# Is "Idylls of the King" by Alfred, Lord Tennyson a First Edition?

> **Quick answer.** A first edition of Idylls of the King by Alfred, Lord Tennyson (Edward Moxon, 1859) is identified by: First edition contains only four idylls, "Enid," "Vivien," "Elaine," and "Guinevere," collating [viii], 261 pages; the much longer twelve-idyll cycle familiar today was assembled by Tennyson only gradually, in installments published in 1869, 1872, and 1885.

**Checklist — a true first has these:**
- First edition contains only four idylls, "Enid," "Vivien," "Elaine," and "Guinevere," collating [viii], 261 pages; the much longer twelve-idyll cycle familiar today was assembled by Tennyson only gradually, in installments published in 1869, 1872, and 1885
- First issue has the verso of the title leaf blank
- Collates with 8 pages of publisher's advertisements at the front dated July 1859; bound in light green cloth blind-stamped with the title in gilt on the spine
- Publisher imprint reads Edward Moxon
- Not a book-club edition (see below)

| | |
|---|---|
| Author | Alfred, Lord Tennyson |
| Publisher | Edward Moxon |
| Year | 1859 |
| True first | — |
| Format | Poetry |
| Key point | First edition contains only four idylls, "Enid," "Vivien," "Elaine," and "Guinevere," collating [viii], 261 pages; the much longer… |
| Book-club edition exists? | Yes |

## Points of issue
First edition contains only four idylls, "Enid," "Vivien," "Elaine," and "Guinevere," collating [viii], 261 pages; the much longer twelve-idyll cycle familiar today was assembled by Tennyson only gradually, in installments published in 1869, 1872, and 1885. First issue has the verso of the title leaf blank. Collates with 8 pages of publisher's advertisements at the front dated July 1859; bound in light green cloth blind-stamped with the title in gilt on the spine.

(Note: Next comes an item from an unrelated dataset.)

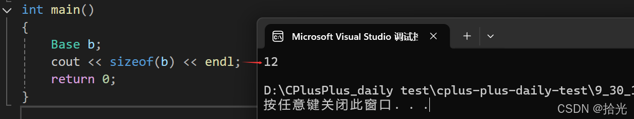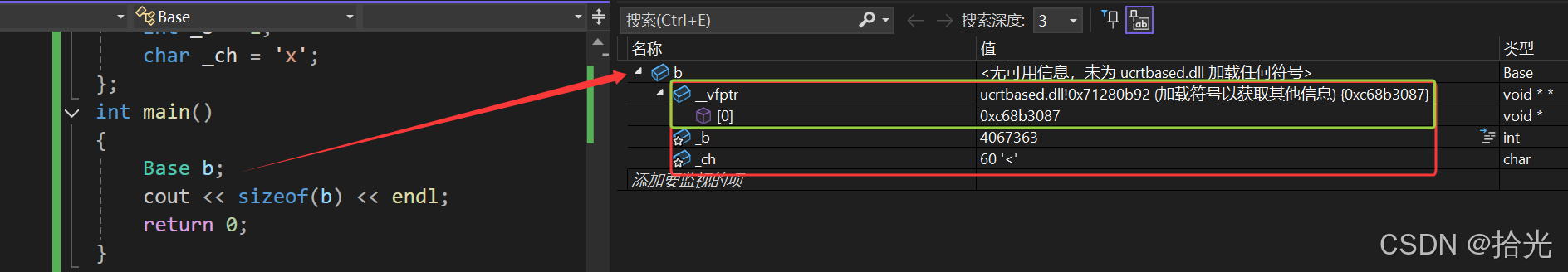 class Base { public:virtual void Func1(){cout << "Func1()" << endl;} protected:int _b = 1;char _ch = 'x'; };int main() {Base b;cout << sizeof(b) << endl; // 计算b对象的大小return 0; }

## Telling it from reprints & book-club editions
A copy of Idylls of the King containing more than the original four idylls (for example with "Gareth and Lynette," "The Coming of Arthur," or "Balin and Balan") is by definition a later, expanded edition. The original four idylls were also individually retitled later ("Enid" was eventually split into "The Marriage of Geraint" and "Geraint and Enid"), so a true first edition should still show the single original "Enid" title.